### TASK ITEM
Please reproduce the lines of the records below from the one holding "а - кругооборот" through the one holding "足利市昌平町の史跡足利学校で", inclusive, skipping all pictures.

### MATERIAL SHOWN
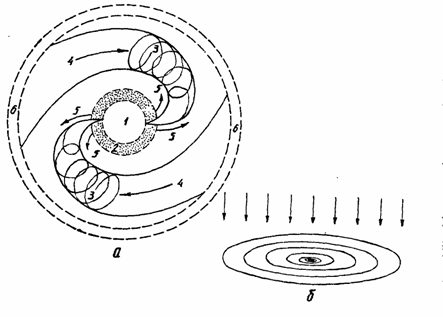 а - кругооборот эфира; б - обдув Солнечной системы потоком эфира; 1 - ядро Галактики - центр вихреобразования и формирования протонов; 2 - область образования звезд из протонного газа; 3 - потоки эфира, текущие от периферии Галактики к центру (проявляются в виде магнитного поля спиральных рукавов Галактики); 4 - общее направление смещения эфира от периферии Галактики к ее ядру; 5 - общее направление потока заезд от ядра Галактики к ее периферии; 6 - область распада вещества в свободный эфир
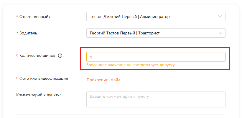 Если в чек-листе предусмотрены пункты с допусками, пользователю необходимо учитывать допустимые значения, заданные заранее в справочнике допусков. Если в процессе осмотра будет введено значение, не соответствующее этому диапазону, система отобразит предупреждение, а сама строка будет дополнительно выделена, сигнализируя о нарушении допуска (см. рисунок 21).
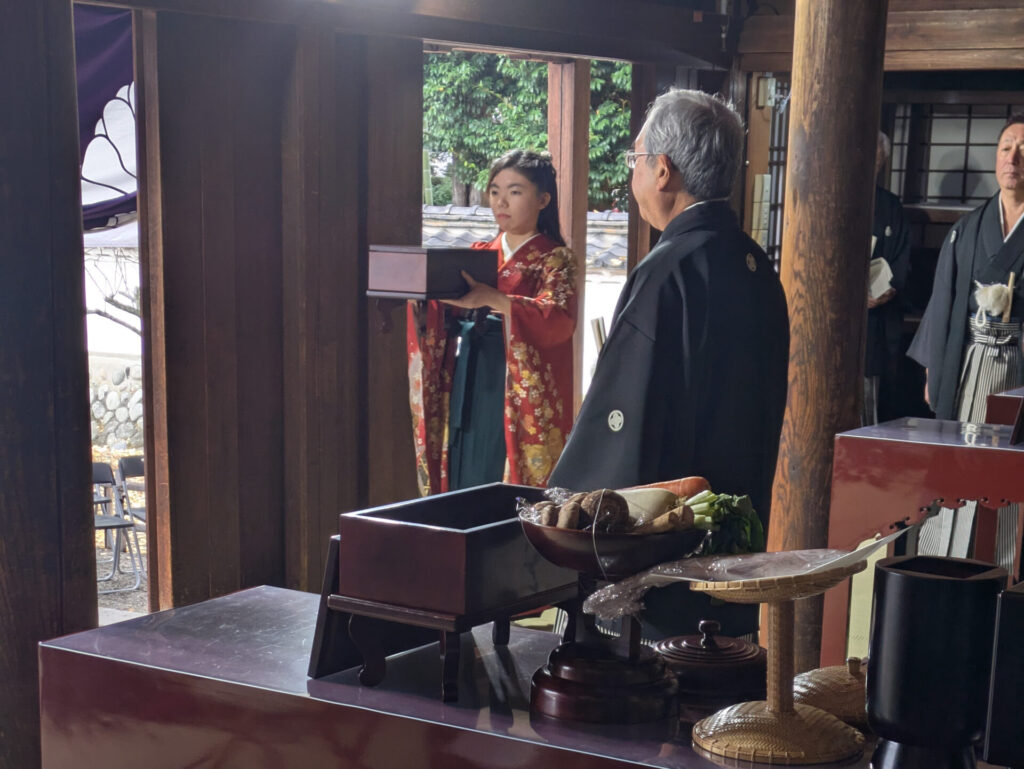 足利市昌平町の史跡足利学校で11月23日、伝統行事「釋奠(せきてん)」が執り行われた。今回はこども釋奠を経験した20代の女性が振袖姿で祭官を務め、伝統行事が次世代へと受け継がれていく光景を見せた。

* * *

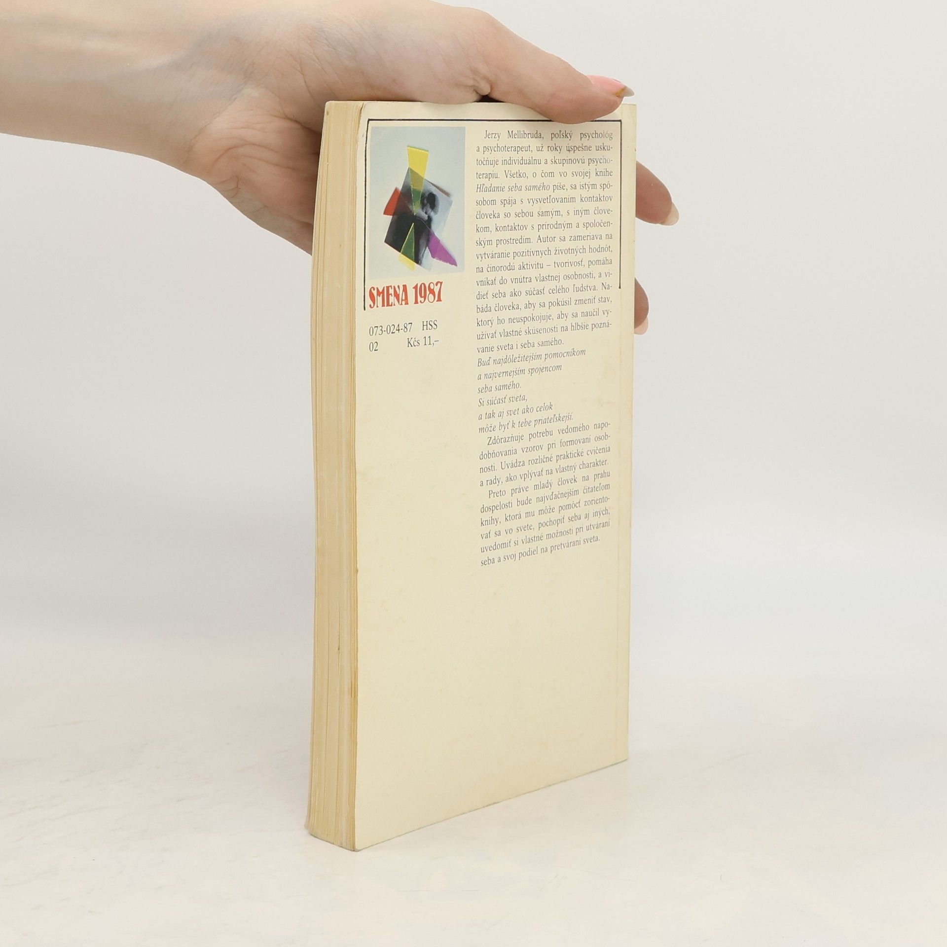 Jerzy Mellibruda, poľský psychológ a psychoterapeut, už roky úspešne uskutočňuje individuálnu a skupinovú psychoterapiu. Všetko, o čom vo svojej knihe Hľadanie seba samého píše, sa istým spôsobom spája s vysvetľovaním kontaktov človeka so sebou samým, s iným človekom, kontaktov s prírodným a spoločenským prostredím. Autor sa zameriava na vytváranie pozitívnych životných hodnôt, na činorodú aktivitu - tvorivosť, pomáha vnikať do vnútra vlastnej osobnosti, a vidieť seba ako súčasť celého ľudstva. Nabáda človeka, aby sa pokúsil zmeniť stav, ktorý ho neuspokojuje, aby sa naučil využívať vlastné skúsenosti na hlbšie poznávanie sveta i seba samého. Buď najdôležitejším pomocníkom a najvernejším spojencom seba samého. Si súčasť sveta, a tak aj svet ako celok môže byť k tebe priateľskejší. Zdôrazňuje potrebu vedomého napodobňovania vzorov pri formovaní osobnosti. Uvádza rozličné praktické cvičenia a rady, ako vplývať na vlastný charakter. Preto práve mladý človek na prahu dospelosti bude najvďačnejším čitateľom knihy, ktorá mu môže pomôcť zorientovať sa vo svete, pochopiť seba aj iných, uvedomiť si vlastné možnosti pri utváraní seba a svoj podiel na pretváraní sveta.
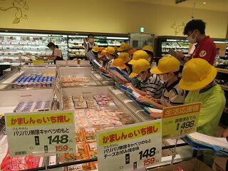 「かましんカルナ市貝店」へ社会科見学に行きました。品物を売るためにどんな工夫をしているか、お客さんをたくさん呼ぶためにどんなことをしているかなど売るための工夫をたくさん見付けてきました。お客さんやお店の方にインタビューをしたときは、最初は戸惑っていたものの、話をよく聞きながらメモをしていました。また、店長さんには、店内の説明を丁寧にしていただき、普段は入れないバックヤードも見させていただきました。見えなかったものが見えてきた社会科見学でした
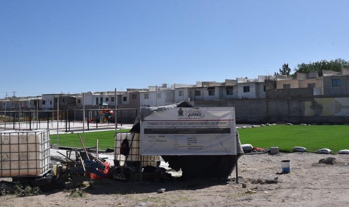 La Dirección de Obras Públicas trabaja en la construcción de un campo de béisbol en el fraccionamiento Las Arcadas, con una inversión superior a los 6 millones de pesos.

### ANSWER BOX
 а - кругооборот эфира; б - обдув Солнечной системы потоком эфира; 1 - ядро Галактики - центр вихреобразования и формирования протонов; 2 - область образования звезд из протонного газа; 3 - потоки эфира, текущие от периферии Галактики к центру (проявляются в виде магнитного поля спиральных рукавов Галактики); 4 - общее направление смещения эфира от периферии Галактики к ее ядру; 5 - общее направление потока заезд от ядра Галактики к ее периферии; 6 - область распада вещества в свободный эфир
 Если в чек-листе предусмотрены пункты с допусками, пользователю необходимо учитывать допустимые значения, заданные заранее в справочнике допусков. Если в процессе осмотра будет введено значение, не соответствующее этому диапазону, система отобразит предупреждение, а сама строка будет дополнительно выделена, сигнализируя о нарушении допуска (см. рисунок 21).
 足利市昌平町の史跡足利学校で11月23日、伝統行事「釋奠(せきてん)」が執り行われた。今回はこども釋奠を経験した20代の女性が振袖姿で祭官を務め、伝統行事が次世代へと受け継がれていく光景を見せた。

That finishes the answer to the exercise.